Open Sandr0x00 opened 7 years ago
One of the most teached algorithms is HITS, where you have an "authority" value. Though not strictly a "trustworthyness" value, but might be an indicator for it
Maybe "an indicator for it" is the best we can get. How big would our focused subgraph then be for the HITS algorithm? E.g.: Pretend we want to score the following relationship only: (Beethoven - inspired by - Mozart) -> the sources stored at 'Beethoven' and 'Mozart' by Project A could be the limited root set. However, when we judge a source as a whole, are all sources in the database our root set? Consequently, we would then need to scrape 1 level deeper for the base set?

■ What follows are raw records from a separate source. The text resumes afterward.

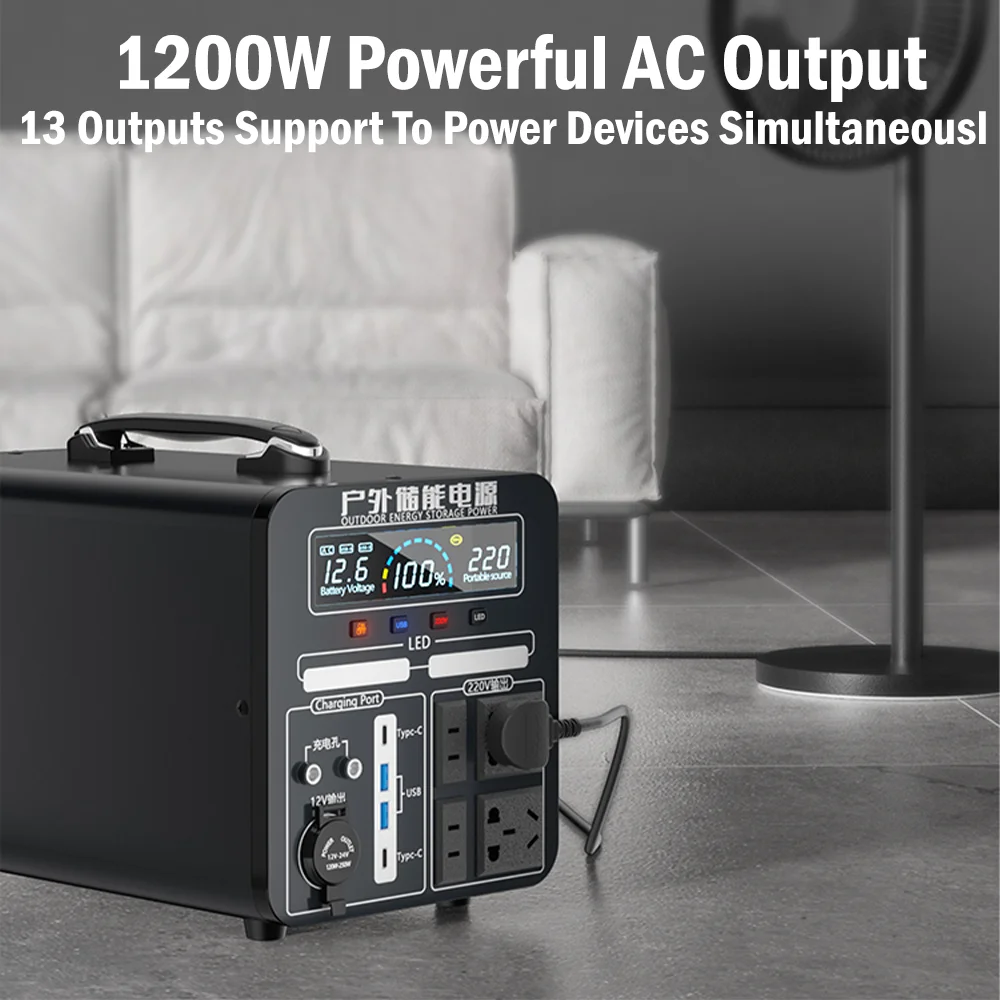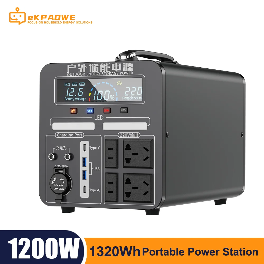 200-240V 1200W Solar Generator 330000mAh 1320Wh Portable Power Station Pure Sine Wave for Home Car Refrigerator Drone Laptops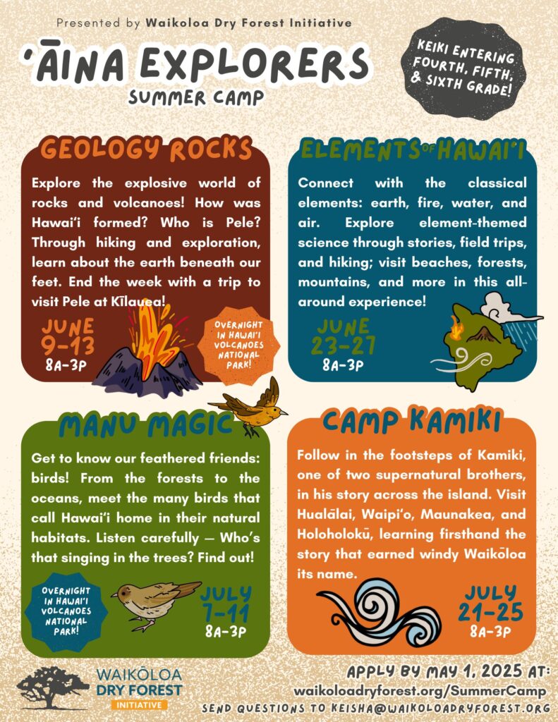 The ʻĀina Explorers Summer Camp is a FREE 5-day program that runs from 8:00am to 3:00pm Monday through Friday. The camps are based in the Waikōloa Dry Forest Preserve and pick up/drop off will be at Quarry Road.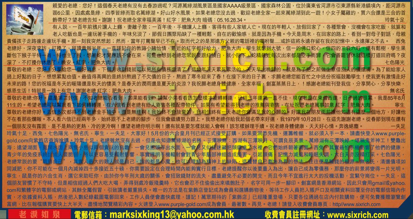 【6】尊敬的老總你好!去信多次都得不到老總金手抽中,還是無缘啊!我始终不會放棄的,我相信終有一天老總你會滿足我的心願的,好讓我在朋友面前讓他知道有這麼一個地方,好讓他不在看那些爛報。本人看六信已經兩年多,始終跟不上老總的腳步,但我會繼續努力跟上。我想老總你给我起個名帶來好運,我1979年10月28日,在這先謝謝老總。從春節到現在還有一個朋友沒有露面是不是熱的更熱,冷的更冷啊!還望老總你明示啊!還有就是要怎樣就能入會啊!該怎樣辦理手續。祝老總身體健康、天天好心情。奔逸絕塵。  ---一失足

If we're using an optimized library (NetworkX is pretty good, but that's Python…), with all that power iteration eigenvector calculation magic, we can probably go pretty large with the focused subgraph, maybe even just use all relevant sources. But hard to tell without any measurements
@sacdallago maybe you know a Javascript library similar to NetworkX?

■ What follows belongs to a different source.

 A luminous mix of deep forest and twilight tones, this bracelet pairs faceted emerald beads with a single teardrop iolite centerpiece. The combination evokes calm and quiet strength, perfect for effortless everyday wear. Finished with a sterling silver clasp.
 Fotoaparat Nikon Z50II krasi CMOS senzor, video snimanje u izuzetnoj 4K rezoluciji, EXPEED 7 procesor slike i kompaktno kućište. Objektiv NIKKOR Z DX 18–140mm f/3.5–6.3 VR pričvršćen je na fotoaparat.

@pfent I unfortunately don't :( But some NPM digging might make pretty things surface. One week ago I found two groups attempting to write CNNs in JS, so I'm fairly sure there's a package for everything :D :D
Our current idea:
Regarding the ranking see also my comment at https://github.com/MusicConnectionMachine/RelationshipsG3/issues/5#issuecomment-284272220 This would be a cool thing to try out, but it seems to me that ideally the time to approach this would be when we see that we really need this refinement and we need to get to this place first.
@simonzachau Spawning child processes and assign them jobs with other languages is always a bit of an overkill! Avoid that as much as possible, and really just do that if there is no other way.

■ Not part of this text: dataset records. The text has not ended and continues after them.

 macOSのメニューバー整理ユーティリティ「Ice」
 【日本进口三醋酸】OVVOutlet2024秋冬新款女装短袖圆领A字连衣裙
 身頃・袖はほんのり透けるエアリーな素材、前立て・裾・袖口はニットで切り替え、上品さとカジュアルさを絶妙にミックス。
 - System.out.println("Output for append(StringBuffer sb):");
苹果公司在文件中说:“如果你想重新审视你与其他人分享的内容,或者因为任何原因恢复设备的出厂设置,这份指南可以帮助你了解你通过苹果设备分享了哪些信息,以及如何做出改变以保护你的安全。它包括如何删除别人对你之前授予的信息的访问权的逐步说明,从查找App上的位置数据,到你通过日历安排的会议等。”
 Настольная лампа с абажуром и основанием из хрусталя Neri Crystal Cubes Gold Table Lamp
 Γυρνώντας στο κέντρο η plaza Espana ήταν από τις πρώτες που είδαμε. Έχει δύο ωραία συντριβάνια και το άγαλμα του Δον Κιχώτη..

Maybe we can use one of these: https://github.com/graphology/graphology-hits, https://www.npmjs.com/package/ngraph.hits
https://www.npmjs.com/package/graphology-hits was last published 2 weeks ago. What that tells me is that there is someone trying to do something similar and hasn't found a solution either, and that the package is being maintained (as opposed to the year old one).
@sacdallago thank you for reviewing our findings! That's why we also opted to try graphology-hits rather than the unmaintained ngraph.hits.
What are trustworthy links? Why do we trust some links more than other ones? Who says that musicbrainz.org is more trusted than mymusicblog.wordpress.com? Do we say that? (For thousands of links?)